(Dataset section):
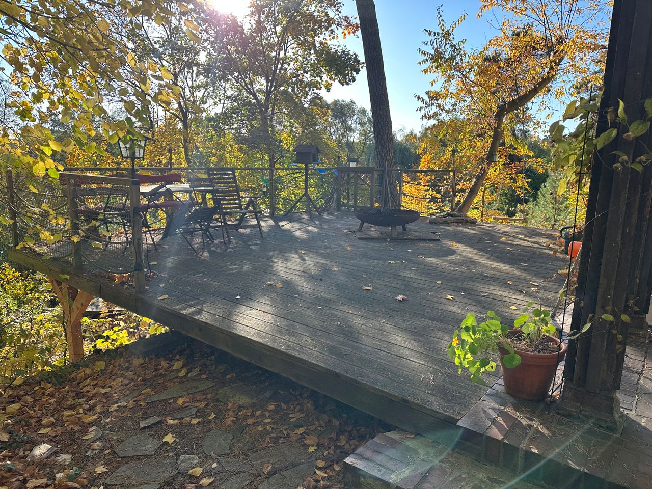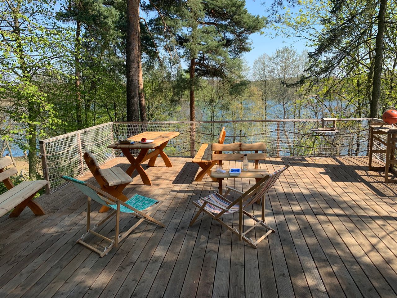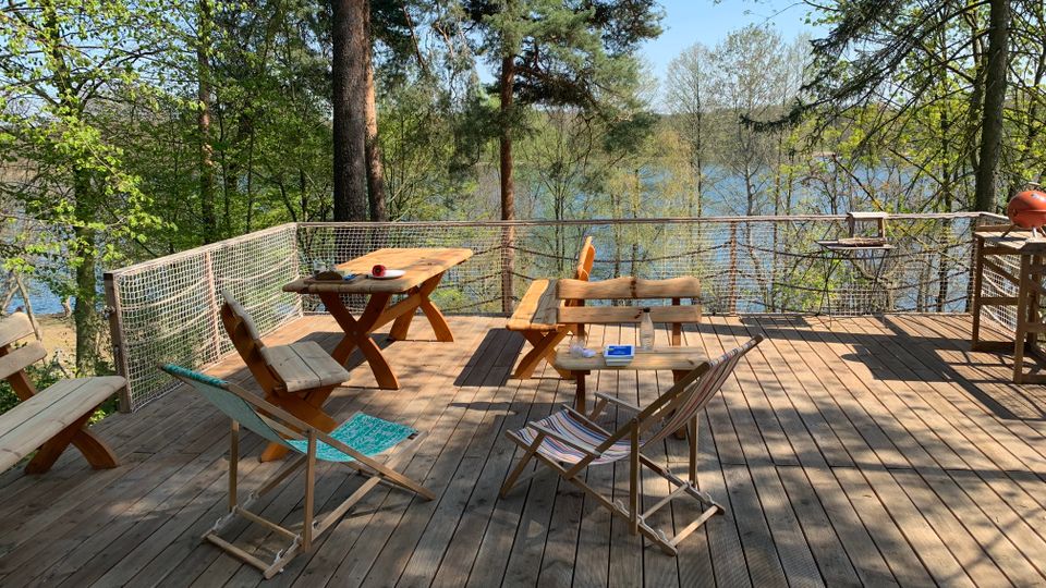 Die riesige Holzterrasse über dem Hang bietet eine einmalige Kulisse über dem See.
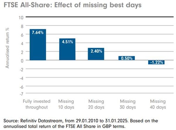 The chart below illustrates this and shows how longer-term returns can be severely negatively impacted by being out of the market for even short periods of time. The chart shows the annualised returns when investing in the FTSE All Share Index over 15 years from 2010 to the beginning of 2025 when remaining invested throughout and then if the best days of market performance were missed by attempting to time the market.
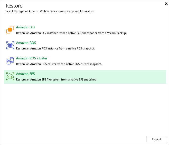 You can also launch the Restore to Amazon EFS wizard from the Home tab. To do that, click Restore and select AWS. In the Restore window, select Amazon EFS. |
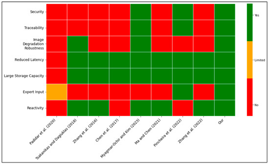 The heatmap, in Figure 3, highlights that our architecture excels in meeting all the key criteria for an intelligent video surveillance system. Specifically, it stands out in critical areas such as security, traceability, image degradation robustness, and responsiveness. While some competing architectures, such as those proposed in [23,29], address security and traceability, the majority fail to adequately cover these aspects. Additionally, many do not sufficiently incorporate expert input or handle image degradation effectively in challenging conditions. In contrast, our solution integrates expert knowledge to enhance decision-making and optimize real-time event management. The multi-layered approach demonstrates efficient data processing at various stages, leveraging the proven capabilities of the selected technologies, as supported by prior studies.

(Aim of the exercise): Leaving out the images, repeat the listing above exactly.

(Written solution):
 Die riesige Holzterrasse über dem Hang bietet eine einmalige Kulisse über dem See.
 The chart below illustrates this and shows how longer-term returns can be severely negatively impacted by being out of the market for even short periods of time. The chart shows the annualised returns when investing in the FTSE All Share Index over 15 years from 2010 to the beginning of 2025 when remaining invested throughout and then if the best days of market performance were missed by attempting to time the market.
 You can also launch the Restore to Amazon EFS wizard from the Home tab. To do that, click Restore and select AWS. In the Restore window, select Amazon EFS. |
 The heatmap, in Figure 3, highlights that our architecture excels in meeting all the key criteria for an intelligent video surveillance system. Specifically, it stands out in critical areas such as security, traceability, image degradation robustness, and responsiveness. While some competing architectures, such as those proposed in [23,29], address security and traceability, the majority fail to adequately cover these aspects. Additionally, many do not sufficiently incorporate expert input or handle image degradation effectively in challenging conditions. In contrast, our solution integrates expert knowledge to enhance decision-making and optimize real-time event management. The multi-layered approach demonstrates efficient data processing at various stages, leveraging the proven capabilities of the selected technologies, as supported by prior studies.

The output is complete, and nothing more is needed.